Canımın içidir kendisi. Yalnız kafasının içi mesleğiyle ilgili konularda o kadar dolu ki, ister istemez diğer bilgileri beyin siliyor. Dün ne yediğini sorsan hatırlamaz ama 1040 yılında yapılmış Dandanakan savaşı'nı savaş meydanındaymış gibi anlatabilir.

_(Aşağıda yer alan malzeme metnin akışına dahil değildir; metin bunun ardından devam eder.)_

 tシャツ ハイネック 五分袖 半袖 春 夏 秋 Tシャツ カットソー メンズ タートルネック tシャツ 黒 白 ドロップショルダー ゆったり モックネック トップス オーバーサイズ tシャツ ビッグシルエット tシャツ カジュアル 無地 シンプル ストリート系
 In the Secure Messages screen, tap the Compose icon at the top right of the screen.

Atsız'ın geri gelen mektup adlı şiirinde "hançer gibi keskin ve çiçekler gibi ince" dizesi vardır. Bu tam olarak Dilara'yı tarif ediyor. Hem çok sert hem çok zarif olmayı nasıl beceriyor bilmiyorum ama Kafkas Türkü olmasıyla çok ilgili bence. Çok yakın arkadaşlarına çok sadıktır. Ölüme gidiyoruz desek gelir, buna eminim. Şu sıralar Aşktan ayakları yerden kesilmiş vaziyette. Enişte beyle henüz tanışmadık ama ondan bahsederken gözlerinin içi gülüyor, eli ayağı birbirine dolaşıyor. Çok tatlı. inşallah hiç ayrılmazlar.

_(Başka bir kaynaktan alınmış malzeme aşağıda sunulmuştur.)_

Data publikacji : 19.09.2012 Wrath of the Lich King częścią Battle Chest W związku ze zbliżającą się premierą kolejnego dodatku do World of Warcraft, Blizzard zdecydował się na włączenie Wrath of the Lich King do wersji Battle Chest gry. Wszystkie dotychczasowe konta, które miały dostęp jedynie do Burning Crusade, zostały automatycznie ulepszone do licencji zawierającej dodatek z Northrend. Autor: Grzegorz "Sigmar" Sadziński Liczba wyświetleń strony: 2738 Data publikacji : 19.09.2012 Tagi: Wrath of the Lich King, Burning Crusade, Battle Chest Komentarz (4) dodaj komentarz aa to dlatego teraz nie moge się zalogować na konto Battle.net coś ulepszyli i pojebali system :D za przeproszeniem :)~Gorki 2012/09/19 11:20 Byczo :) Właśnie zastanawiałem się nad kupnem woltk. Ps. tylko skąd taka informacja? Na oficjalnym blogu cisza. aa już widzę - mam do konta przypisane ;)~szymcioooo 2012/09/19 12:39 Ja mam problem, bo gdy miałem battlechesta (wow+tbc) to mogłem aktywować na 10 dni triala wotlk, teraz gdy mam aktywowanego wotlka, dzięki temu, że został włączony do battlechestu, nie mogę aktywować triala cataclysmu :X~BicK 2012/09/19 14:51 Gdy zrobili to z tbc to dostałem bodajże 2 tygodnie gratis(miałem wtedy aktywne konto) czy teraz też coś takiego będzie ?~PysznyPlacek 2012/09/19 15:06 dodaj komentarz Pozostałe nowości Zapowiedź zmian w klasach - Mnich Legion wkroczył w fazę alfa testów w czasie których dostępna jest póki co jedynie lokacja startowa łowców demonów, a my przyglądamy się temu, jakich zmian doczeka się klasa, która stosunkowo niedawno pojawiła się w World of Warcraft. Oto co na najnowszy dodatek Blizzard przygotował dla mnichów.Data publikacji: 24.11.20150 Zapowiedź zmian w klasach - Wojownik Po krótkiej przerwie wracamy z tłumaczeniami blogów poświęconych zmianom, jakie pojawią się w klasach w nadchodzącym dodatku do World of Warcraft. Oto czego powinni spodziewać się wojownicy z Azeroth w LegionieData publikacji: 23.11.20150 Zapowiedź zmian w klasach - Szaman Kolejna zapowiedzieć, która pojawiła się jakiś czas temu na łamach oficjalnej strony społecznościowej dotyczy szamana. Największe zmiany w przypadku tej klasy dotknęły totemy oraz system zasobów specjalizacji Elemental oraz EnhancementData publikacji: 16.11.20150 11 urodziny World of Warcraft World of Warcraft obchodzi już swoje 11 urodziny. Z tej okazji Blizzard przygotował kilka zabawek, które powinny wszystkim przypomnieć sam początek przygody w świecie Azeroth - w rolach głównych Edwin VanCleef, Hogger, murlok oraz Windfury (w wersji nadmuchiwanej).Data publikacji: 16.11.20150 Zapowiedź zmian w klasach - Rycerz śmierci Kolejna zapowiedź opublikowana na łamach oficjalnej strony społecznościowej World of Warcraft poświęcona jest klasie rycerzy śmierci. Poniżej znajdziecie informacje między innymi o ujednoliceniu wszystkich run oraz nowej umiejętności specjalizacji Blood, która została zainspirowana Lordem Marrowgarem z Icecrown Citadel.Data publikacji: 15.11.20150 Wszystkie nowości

Offf bir de Kafkas Türkü dedik, kadın Karapapak Türklerinden. Bunlar manyak oluyor bak. Halk oyunu oynarken bileklerini çok güzel kıvıran ve parmak ucunda kayarak giden bu hanım kızımıza ermeni veya Rus derseniz gözü döner. Yani bazen çok asil ve zarif, bazen de özel harekatçı modu açık oluyor.